DATA EXTRACT Block Start

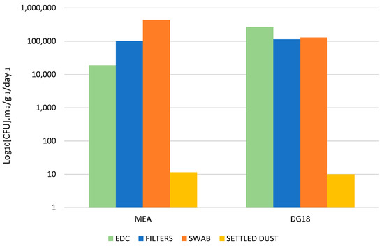 Fungal contamination in indoor sites was 1.00 × 105 CFU·m−2 on MEA and 1.15 × 105 CFU·m−2 on DG18 in filter samples; 4.40 × 105 CFU·m−2 on MEA and 1.30 × 105 CFU·m−2 on DG18 in floor surface swabs and 1.90 × 104 CFU·m−2 in MEA and 2.70 × 105 CFU·m−2 in DG18 in EDC samples. Settled dust had the highest fungal contamination, ranging from 1.15 × 101 CFU·m−2 on MEA and 1.00 × 101 CFU·m−2 on DG18 (Figure 1).
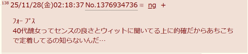 | … | 326/03/24(火)21:25:29No.1413912633そうだねx1そんな定番ワードだったの40代醜女… |
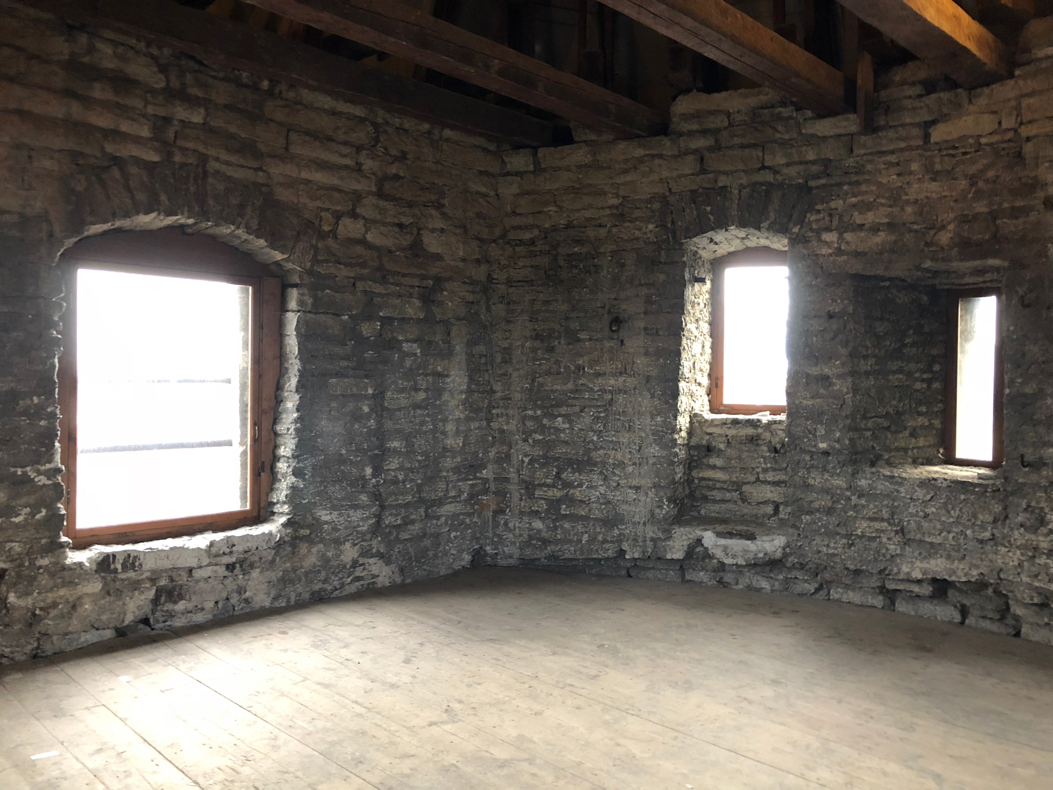 塔樓最頂部份的石階最窄,也沒有鐵扶手,只有牆上掛著的鐵鍊給人扶著。登上塔樓最高處才發現,在這裡也不能俯瞰整個舊城區,因為塔樓比其他建築物沒有明顯地高出很多。而且說實話,城牆和塔樓的外觀比內在吸引。然而,相對於教堂、廣場等等那些舊城區的基本配備,塔林的城牆和塔樓卻是新鮮得多。
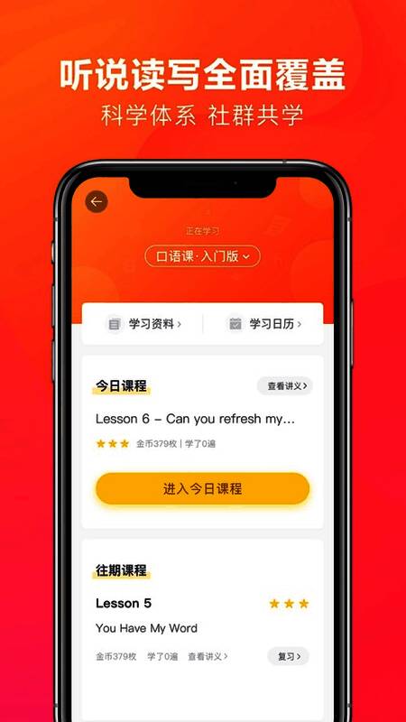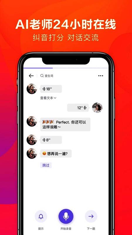 口语跟读:逐句跟进,智能打分,提升口语水平。
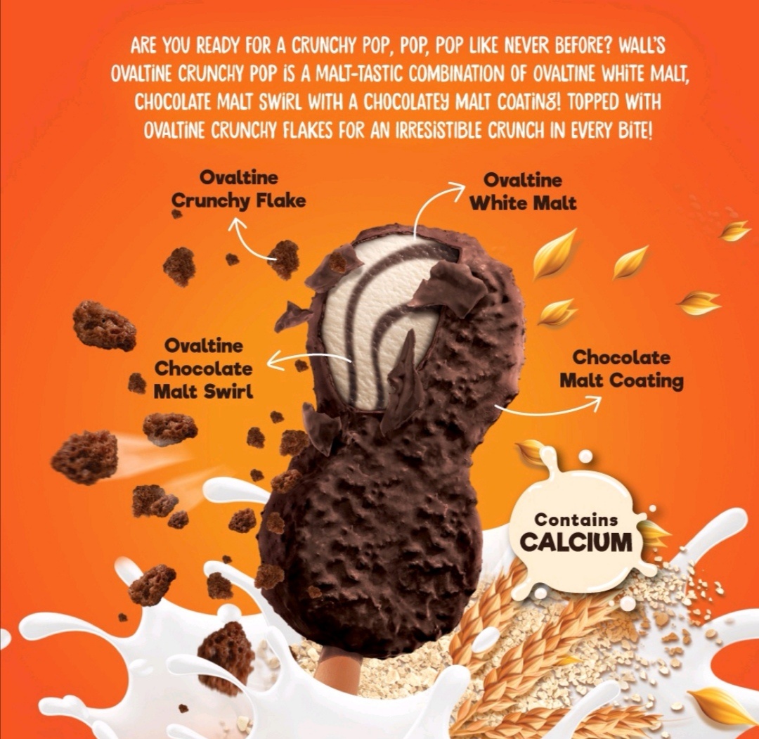 Wall’s和Ovaltine合作联手推出全新口味的 Crunchy Pop冰淇淋!浓郁顺滑的Ovaltine白麦芽和巧克力麦芽冰淇淋,配上巧克力外层吃起来超过瘾!
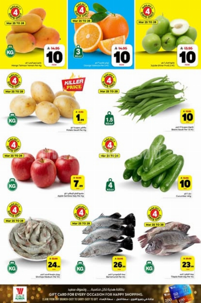 عروض الوفاء هايبر اليوم 24 مارس 2026 الموافق 5 شوال 1447 عروض حماسية . استعد لخصومات مذهلة وصفقات لا تقبل المنافسة تسوق منتجاتك المفضلة بأسعار لا تقاوم.
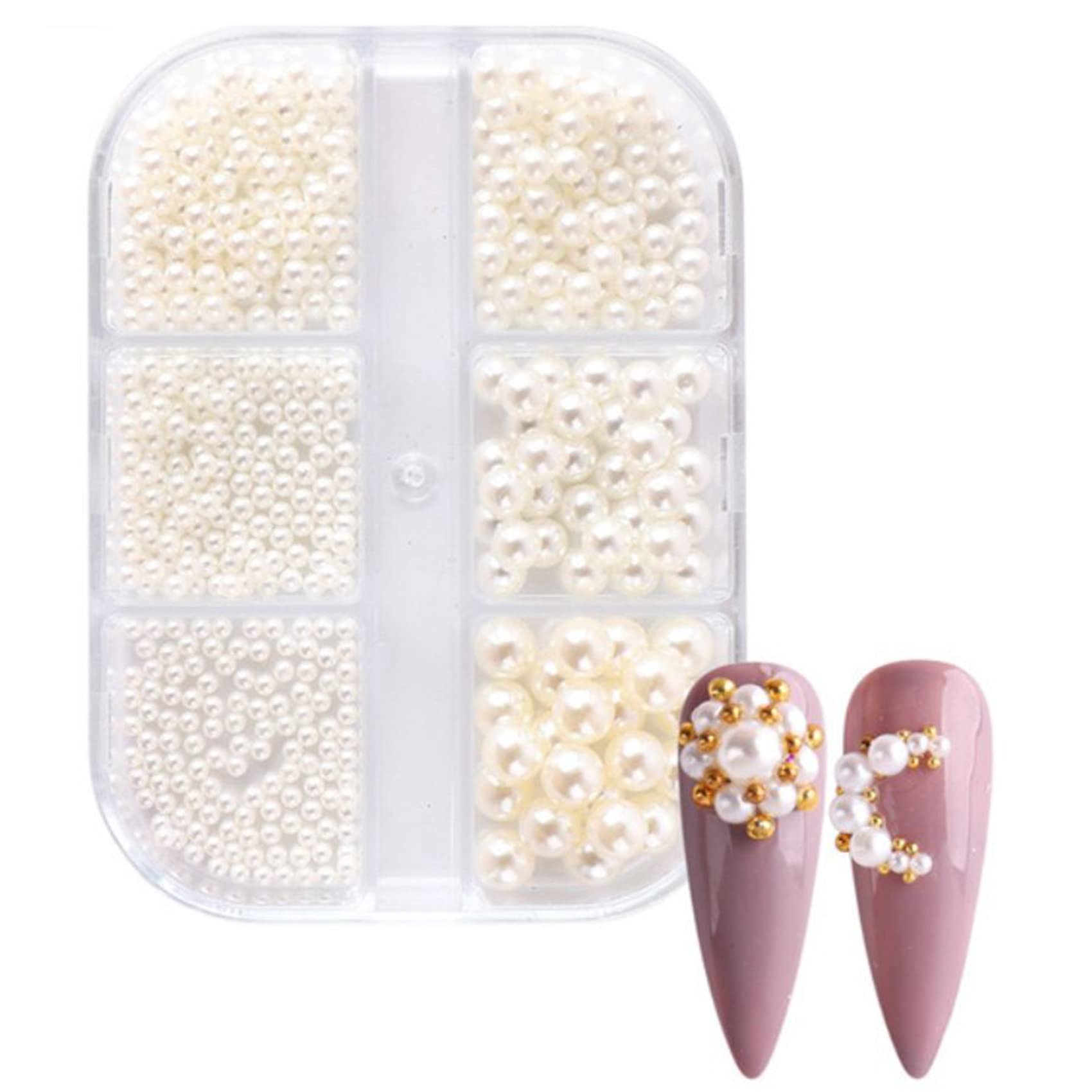 TsoLay 1Box Pearl Nail Charms White Round Nail Parts Gold Steel Beads Balls Jewelry Nail Art Accessories Color:ZZ15
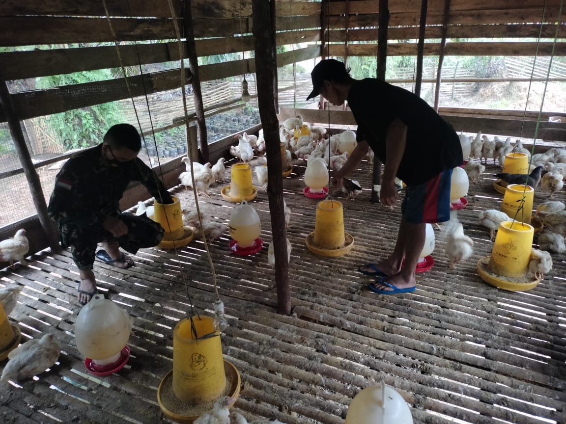 Di sela istirahat selesai bekerja, Serda Alvonsius melaksanakan Komsos dengan memberi pakan ternak ayam di peternakan warga, sehingga terlihat begitu akrab dirinya dengan warga.

DATA EXTRACT Block End

▶ **TASK ITEM**
Apart from the images, please copy every line of the data exactly as written.

▶ **RESULT**
 Fungal contamination in indoor sites was 1.00 × 105 CFU·m−2 on MEA and 1.15 × 105 CFU·m−2 on DG18 in filter samples; 4.40 × 105 CFU·m−2 on MEA and 1.30 × 105 CFU·m−2 on DG18 in floor surface swabs and 1.90 × 104 CFU·m−2 in MEA and 2.70 × 105 CFU·m−2 in DG18 in EDC samples. Settled dust had the highest fungal contamination, ranging from 1.15 × 101 CFU·m−2 on MEA and 1.00 × 101 CFU·m−2 on DG18 (Figure 1).
 | … | 326/03/24(火)21:25:29No.1413912633そうだねx1そんな定番ワードだったの40代醜女… |
 塔樓最頂部份的石階最窄,也沒有鐵扶手,只有牆上掛著的鐵鍊給人扶著。登上塔樓最高處才發現,在這裡也不能俯瞰整個舊城區,因為塔樓比其他建築物沒有明顯地高出很多。而且說實話,城牆和塔樓的外觀比內在吸引。然而,相對於教堂、廣場等等那些舊城區的基本配備,塔林的城牆和塔樓卻是新鮮得多。
 口语跟读:逐句跟进,智能打分,提升口语水平。
 Wall’s和Ovaltine合作联手推出全新口味的 Crunchy Pop冰淇淋!浓郁顺滑的Ovaltine白麦芽和巧克力麦芽冰淇淋,配上巧克力外层吃起来超过瘾!
 عروض الوفاء هايبر اليوم 24 مارس 2026 الموافق 5 شوال 1447 عروض حماسية . استعد لخصومات مذهلة وصفقات لا تقبل المنافسة تسوق منتجاتك المفضلة بأسعار لا تقاوم.
 TsoLay 1Box Pearl Nail Charms White Round Nail Parts Gold Steel Beads Balls Jewelry Nail Art Accessories Color:ZZ15
 Di sela istirahat selesai bekerja, Serda Alvonsius melaksanakan Komsos dengan memberi pakan ternak ayam di peternakan warga, sehingga terlihat begitu akrab dirinya dengan warga.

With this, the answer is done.